The only party that really believes in Independence is Gwlad, and they secured 9 votes – presumably the candidate and his family. Plaid seem to believe in it, but only as an abstract concept rather than an actual policy, and they secured a massive 8% of the vote. Llanelli might not be Gwynedd, but clearly the independence campaign has a very long way to go.
Agreed. That figure takes some doing as I think you have to get 10 electors to nominate you to stand!
Trussonomics?
Actually I have since discovered that Gwlad managed to get only 2 votes in another Llanelli by election this year or last. Their entire support must be commenting on here.
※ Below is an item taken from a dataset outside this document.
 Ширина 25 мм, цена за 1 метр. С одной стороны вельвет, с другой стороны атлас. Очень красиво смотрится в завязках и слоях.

Agree and that’s why they are flying high.
https://golwg.360.cymru/newyddion/2176426-rhun-iorwerth-rhwng-plaid-cymru-reform-fydd
Well done Reform.
Next year the Senedd.
Fascism or its supporters have no place in Wales. They’re on the same level of threat as child abusers.
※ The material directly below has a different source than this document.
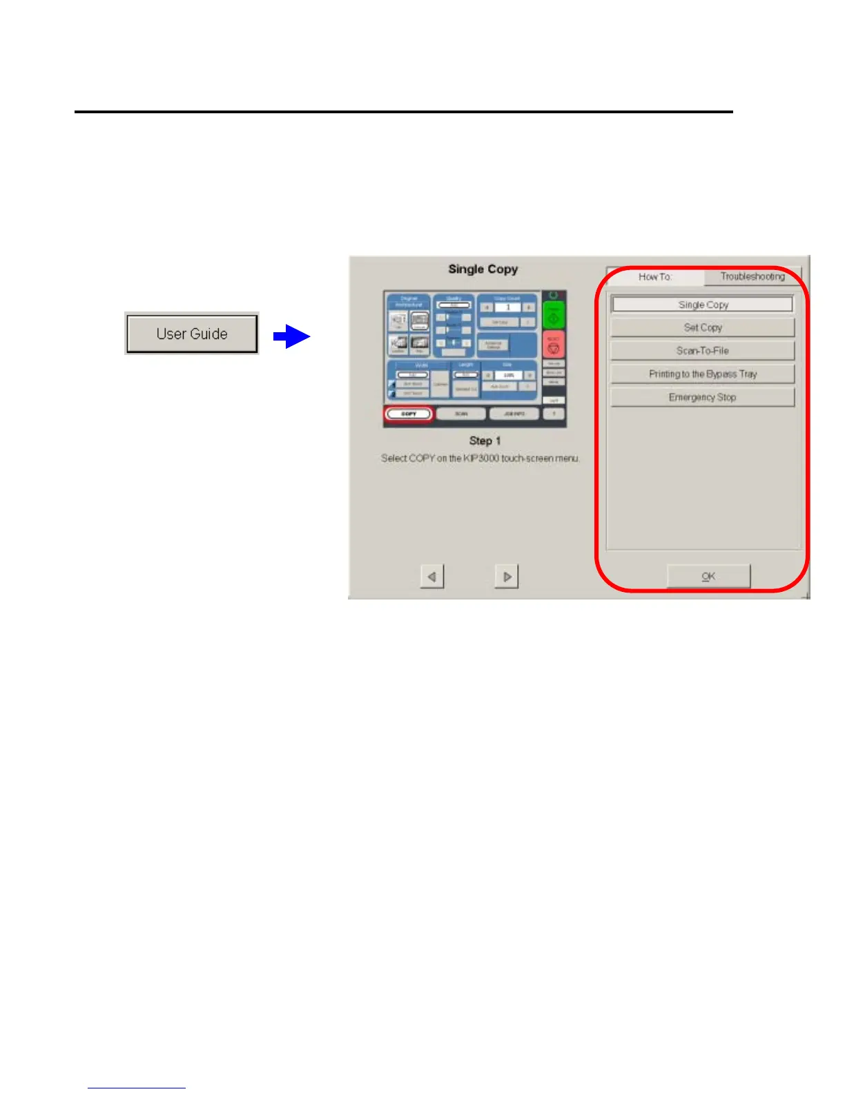 Press the User Guides button to gain access to the KIP printer User Guides on

Never thought I’d see working class people endorse a party that regards prolific sexual predator Jimmy Savile as a “working class hero.” How far we have fallen.
Michelle Beer lives with her husband Gareth in New St, Kidwelly, some eight miles west of Llanelli itself. Have to question how she is able to support the residents of Lleidi. This result clearly shows the dissatisfaction with Labour but also the self inflicted hollowing out of Plaid Cymru in Llanelli.
Blaming others for their own evident limitations has become Plaid’s default stance for some time. Lots of vision and ideals but sadly lacking in really getting much done.